State risks losing Sh3.9bn over cancelled medical equipment deal

Auditor-General Nancy Gathungu

Auditor-General Nancy Gathungu during an interview at her office in Nairobi on October 26, 2020.

Photo credit: Lucy Wanjiru | Nation Media Group

What you need to know:

  • The Sh4.9 billion HCIT project, part of the Sh62 billion MES contracts, was awarded to Seven Seas Technologies Limited, a local ICT firm, on October 2, 2017.

Auditor-General Nancy Gathungu has warned that the government risks losing at least Sh3.92 billion in breach of agreement after the Ministry of Health, without notice, cancelled the Healthcare Information Technology (HCIT) solutions contract for the Managed Equipment Service (MES).

The Sh4.9 billion HCIT project, part of the Sh62 billion MES contracts, was awarded to Seven Seas Technologies Limited, a local ICT firm, on October 2, 2017.

It entailed provision of HCIT solutions, including software and hardware interfaces, training and maintenance.
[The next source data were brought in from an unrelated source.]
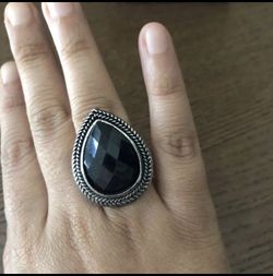 Antique Silver Drop Shaped Black Stone Ring $12South Plainfield, NJ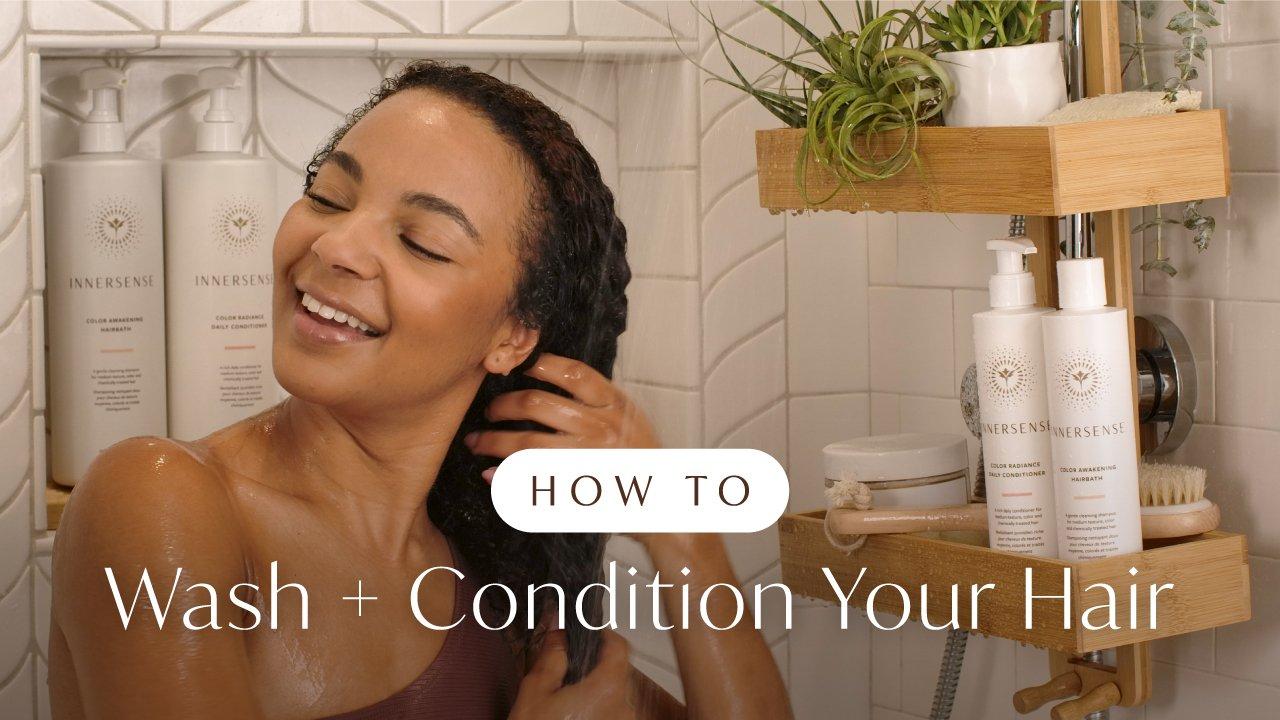 Innersense Organic Beauty's Color Awakening Hairbath is a gentle shampoo for colored and medium textured hair that preserves vibrance and boosts radiance.
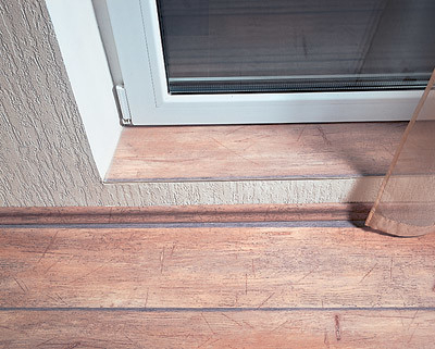 Порог лоджии отделали ламинатом, а ее стены- деревянными панелями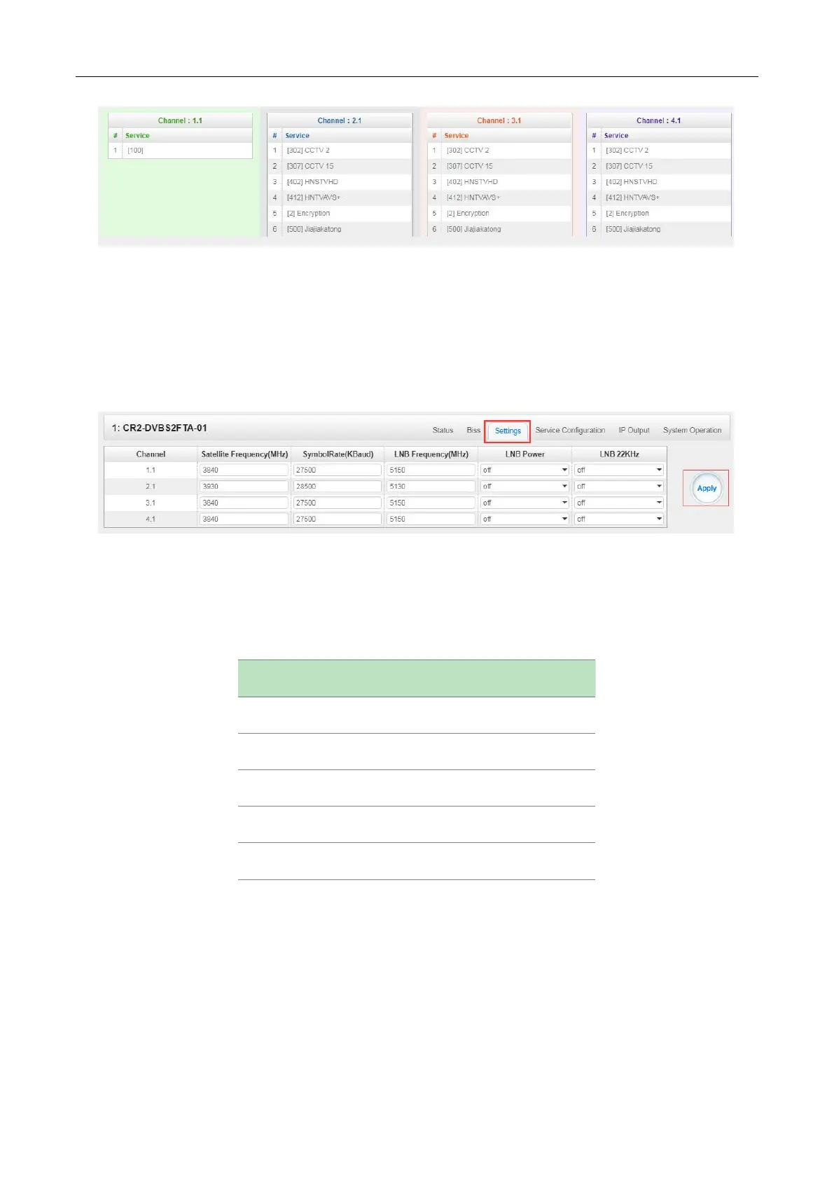 Channel 1.1, 1.2,1.3 and 1.4, 4 LNBs are powered independently.

The latest revelations, coming even before the multi-billion-shilling Covid-19 scandal at the Kenya Medical Supplies Agency (Kemsa) is settled, are contained in the Auditor-General’s report on the accounts of the Health ministry for the 2018/19 financial year.
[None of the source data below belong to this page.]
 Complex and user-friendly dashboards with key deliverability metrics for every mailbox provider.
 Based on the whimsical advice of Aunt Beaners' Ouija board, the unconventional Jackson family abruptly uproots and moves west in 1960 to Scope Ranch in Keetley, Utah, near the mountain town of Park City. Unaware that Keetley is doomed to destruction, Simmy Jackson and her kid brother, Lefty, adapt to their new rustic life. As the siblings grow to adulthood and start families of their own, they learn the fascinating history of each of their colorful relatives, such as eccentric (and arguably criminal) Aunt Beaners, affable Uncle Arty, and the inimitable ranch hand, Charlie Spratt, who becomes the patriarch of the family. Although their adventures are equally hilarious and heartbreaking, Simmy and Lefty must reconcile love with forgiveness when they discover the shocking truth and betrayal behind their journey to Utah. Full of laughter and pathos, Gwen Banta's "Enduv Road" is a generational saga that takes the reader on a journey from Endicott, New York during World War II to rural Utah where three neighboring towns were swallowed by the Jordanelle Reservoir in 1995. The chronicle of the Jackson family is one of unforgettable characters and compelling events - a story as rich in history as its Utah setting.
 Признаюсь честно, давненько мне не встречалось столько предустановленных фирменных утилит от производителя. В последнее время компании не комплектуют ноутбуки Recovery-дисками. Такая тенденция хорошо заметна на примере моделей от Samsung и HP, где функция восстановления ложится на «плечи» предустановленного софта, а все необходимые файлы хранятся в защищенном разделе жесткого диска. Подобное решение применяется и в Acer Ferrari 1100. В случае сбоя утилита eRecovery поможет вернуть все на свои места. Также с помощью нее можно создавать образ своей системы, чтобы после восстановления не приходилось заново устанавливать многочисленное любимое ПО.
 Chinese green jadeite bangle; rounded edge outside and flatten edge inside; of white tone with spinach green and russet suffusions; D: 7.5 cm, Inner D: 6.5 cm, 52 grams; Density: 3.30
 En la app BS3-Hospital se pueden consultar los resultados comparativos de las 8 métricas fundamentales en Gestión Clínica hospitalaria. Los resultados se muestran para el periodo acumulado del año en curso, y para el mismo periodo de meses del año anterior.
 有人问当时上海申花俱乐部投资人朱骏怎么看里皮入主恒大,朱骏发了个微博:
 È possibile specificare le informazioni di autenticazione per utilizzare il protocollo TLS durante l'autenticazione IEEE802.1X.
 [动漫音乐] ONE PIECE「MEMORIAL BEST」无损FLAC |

The HCIT project, whose cancellation by Health Principal Secretary Susan Mochache remains a controversy, was to take five years from the contract date and was to cover 98 public hospitals under the government’s MES plan.

“Information available indicates that although the project had not commenced as at June 30, 2019, the ministry, vide a letter dated November 18, 2019, terminated the contract without notice, thereby exposing the government to the risk of litigation and damages,” the report, signed by Ms Gathungu, warns.

Clause 39.2 of the HCIT contract provides that in the event of termination by the procuring entity (Ministry of Health), the entity shall pay the contractor for all the services undertaken and include an additional amount equivalent to 80 per cent of the remaining outstanding contractor’s fees.

This translates to at least Sh3.92 billion. The clause is also detailed under schedule 13 of the HCIT contract.

Ministry’s response

The ministry, in its defence, termed the clause unrealistic and explained why it terminated the HCIT contract with Seven Seas Technologies Limited.

“The management has not explained why the contract was signed with the unfavourable clauses and why the input of the Attorney-General was not sought before the contract was signed,” Ms Gathungu says.

Section 5 of the Office of Attorney-General Act, 2012 empowers the office holder to negotiate, draft, vet and interpret local and international agreements and treaties for and on behalf of the government and its agencies.

The local company was required to develop an ICT infrastructure -- a health strategy connecting all public hospitals to a central database. It is a key component of President Uhuru Kenyatta’s Universal Health Coverage (UHC) plan for the country.

Ms Gathungu also faulted the ministry for varying contracts with three suppliers to lease additional medical equipment worth Sh902.3 million for 24 hospitals in 23 counties under the MES scheme.

The amount is part of the Sh26.34 billion the national government had paid to the various medical contractors and consultants as at June 30, 2019, since the government signed service level agreements with the counties for the MES equipment on February 6, 2015.

About Sh8.8 billion, including the varied Sh902.3 million, was paid during the 2018/19 financial year.

The report notes that the cost of leasing the additional equipment was incurred as the other previously leased MES equipment continued to lie idle in hospitals across the country.

Needs assessment

The report faults the ministry for failing to conduct a needs assessment survey before varying the MES contract with 23 counties for additional equipment.

“A needs assessment report, which informed the decision to lease additional equipment for the 24 hospitals, was not availed for audit verification,” the report says.

On February 6, 2015, the ministry signed agreements with five medical contractors for leasing of the medical equipment to 98 hospitals across the 47 counties.  The equipment was to be delivered in five lots.

Lot one had theatre equipment that included an anaesthetic machine with ventilator, electrosurgical unit, operating theatre ceiling mounted lamp, operating theatre table major, resuscitaries, instrument trolleys, patient stretchers or side rail, resuscitation patient trolley and linen trolley.

Lot three had theatre CSSD surgical instruments and equipment that included surgical instruments set for major operations, gynaecological, minor operations, ENT, ophthalmology and theatre CSSD equipment.

Lot four had renal equipment that had a dialysis machine, dialysis beds, suction machine, vital signs monitor, oxygen concentrator and drug trolley.

The fifth lot included ICU, HDU equipment with lot 7 having radiology equipment.